Conventional mortgage is a financial term used to describe a type of home loan that is not insured or guaranteed by the federal government. The word is spelled /kənˈvɛnʃənəl ˈmɔːɡɪdʒ/ in IPA phonetic transcription. The stress is on the second syllable of each word. 'Conventional' is spelled with the letter 'c' followed by 'on' pronounced as /ən/. The stress falls on the second syllable /ˈvɛn/ which is followed by the letters 'ti' pronounced as /ʃənəl/. Similarly, 'mortgage' has the stress on the second syllable and is spelled with 'm' followed by 'or' pronounced as /ɔː/, and then 'g' pronounced as /ɡ/.
A conventional mortgage is a type of home loan that is not insured or guaranteed by a government agency, such as the Federal Housing Administration (FHA) or the Department of Veterans Affairs (VA). This type of mortgage is considered the traditional or standard option for purchasing or refinancing a home.
In a conventional mortgage, the borrower typically makes a down payment of at least 20% of the home's purchase price. This enables the borrower to avoid paying private mortgage insurance (PMI), which is required for borrowers who make a down payment of less than 20%.
Conventional mortgages are offered by banks, credit unions, and other financial institutions, and the terms and conditions of the loan are determined by the lender. These mortgages usually have fixed interest rates, meaning the rate remains the same throughout the life of the loan.
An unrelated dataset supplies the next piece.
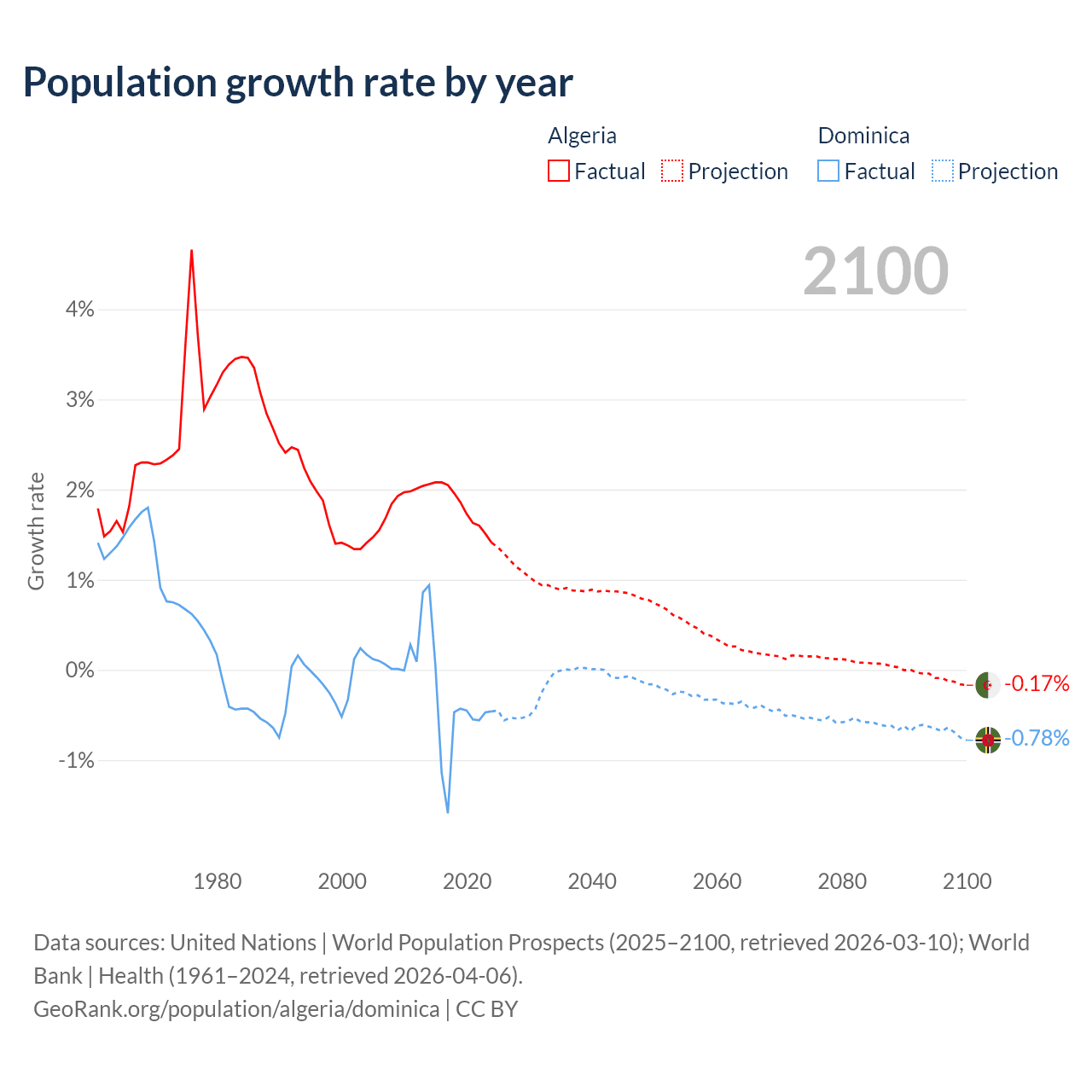 - For the last 10 years, Algeria has had an average growth rate of +1.81% per year vs -0.47% in Dominica.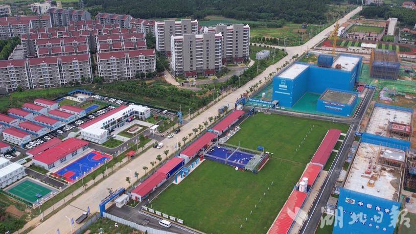 一墙之隔的武穴职业技术教育中心产业园校区施工也进展顺利,综合教学楼已经完工,两栋实训楼已完成了70%的工程量。

However, adjustable-rate mortgages (ARMs) are also available, where the interest rate can fluctuate periodically based on prevailing market conditions.
To qualify for a conventional mortgage, borrowers typically need to have a good credit score, a stable income, and a low debt-to-income ratio. The lender assesses the borrower's financial situation to determine their ability to make monthly mortgage payments.
Overall, a conventional mortgage is a mortgage loan that is not backed or insured by the government, providing more control and flexibility to the borrower and being subject to the guidelines and standards set by the lender.
The word "conventional" in the context of a mortgage refers to a type of loan that is not insured or guaranteed by a government agency, such as the Federal Housing Administration (FHA) or the Department of Veterans Affairs (VA). The etymology of "conventional" can be traced back to the Latin word "conventionālis", which means "usual" or "ordinary". It refers to something that is based on or follows established practices, standards, or customs. In the case of a conventional mortgage, it indicates a loan that adheres to traditional lending criteria and is not backed by a government entity.